Modules¶

This section documents the Python modules in GRiD.

Command-Line Interface¶

grid¶

GRiD - Genomic Repeat inference from Depth

A modular pipeline for estimating copy number variants in the LPA gene’s KIV-2 VNTR region.

grid [OPTIONS] COMMAND [ARGS]...

Options

-v, --version¶: Show the GRiD version

compute-dipcn¶

Compute diploid copy numbers for LPA KIV-2 repeats.

Uses neighbor-based normalization to compute dipCN for each exon type: 1B_KIV3, 1B_notKIV3, 1B, and 1A.

grid compute-dipcn [OPTIONS]

Options

-c, --count-file <count_file>¶: Required Realignment output file with read counts

-n, --neighbor-file <neighbor_file>¶: Required Find neighbors output file (can be gzipped)

-o, --output-prefix <output_prefix>¶: Required Output prefix for diploid CN files

-N, --n-neighbors <n_neighbors>¶

Number of top neighbors to use

Default:: 200

count-reads¶

Count properly paired reads in a specified LPA VNTR region for all CRAMs.
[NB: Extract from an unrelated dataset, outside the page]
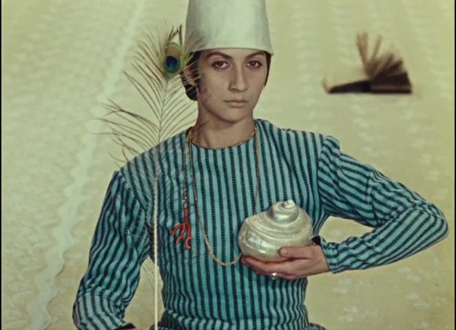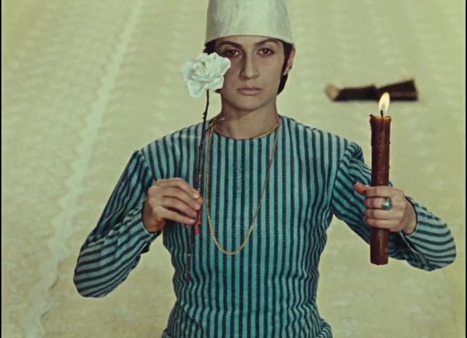 One of the film's most compressed symbolic images shows Sayat-Nova holding an abalone shell in one hand and a peacock feather in the other.

grid count-reads [OPTIONS]

Options

-C, --cram-dir <cram_dir>¶: Required Directory with CRAM files

-o, --output-file <output_file>¶: Required Output TSV file

-r, --ref-fasta <ref_fasta>¶: Required Reference genome FASTA

-c, --chrom <chrom>¶: Required Chromosome (e.g., chr6)

-s, --start <start>¶: Required Start position

-e, --end <end>¶: Required End position

--config <config>¶: Required Path to YAML config file

-t, --threads <threads>¶: Number of threads for parallel processing (default: 1)

crai¶

Ensure CRAI index exists for a CRAM file.
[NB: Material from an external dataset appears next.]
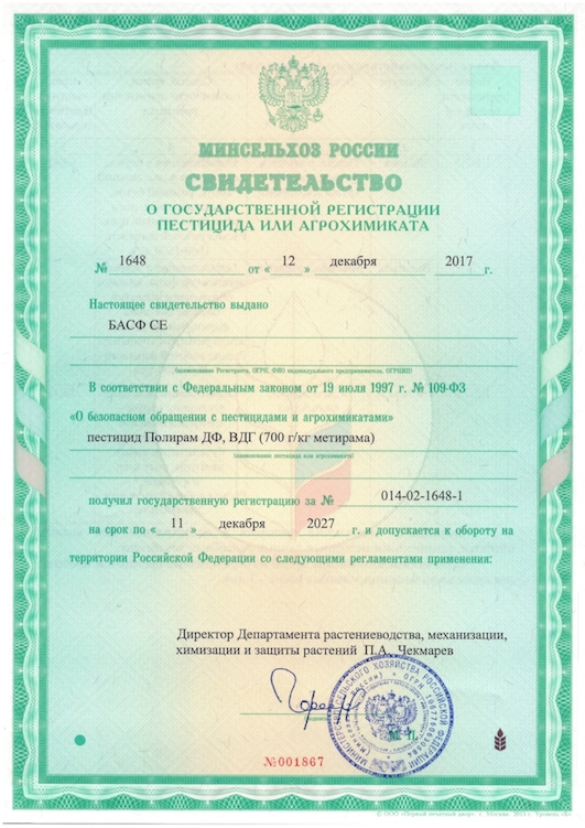 Назначение: Эффективен против фитофтороза, ложной мучнистой росы. Обладает "стоп-эффектом".

Args:: cram: Path to the CRAM file. reference: Path to the reference genome FASTA.
Returns:: Path to the CRAI index file.

grid crai [OPTIONS]

Options

-c, --cram <cram>¶: Required Input CRAM file

-r, --reference <reference>¶: Required Reference genome FASTA

estimate-kiv¶

Estimate LPA KIV2 copy numbers from exon1A and exon1B diploid copy numbers.

Formula:: diploid_estimate = 34.9 × exon1A + 5.2 × exon1B - 1 haploid_estimate = diploid_estimate / 2

grid estimate-kiv [OPTIONS]

Options

-a, --exon1a <exon1a>¶: Required Exon1A diploid CN file (*.exon1A.dipCN.txt)

-b, --exon1b <exon1b>¶: Required Exon1B diploid CN file (*.exon1B.dipCN.txt)

-o, --output <output>¶: Required Output file path for KIV2 copy number estimates

-f, --format <format>¶

Output file format

Default:: 'tsv'
Options:: tsv | txt | csv

extract-reference¶

Extract FASTA sequences from a reference genome based on BED regions.

grid extract-reference [OPTIONS]

Options

-r, --reference-fa <reference_fa>¶: Required Path to reference genome FASTA (e.g., hs37d5.fa)

-b, --bed-file <bed_file>¶: Required BED file defining regions to extract

-o, --output-dir <output_dir>¶: Required Output directory for FASTA file

-f, --output-prefix <output_prefix>¶

Prefix for output FASTA file

Default:: 'ref_lpa'

find-neighbors¶

Find nearest neighbors among individuals using normalized z-depths.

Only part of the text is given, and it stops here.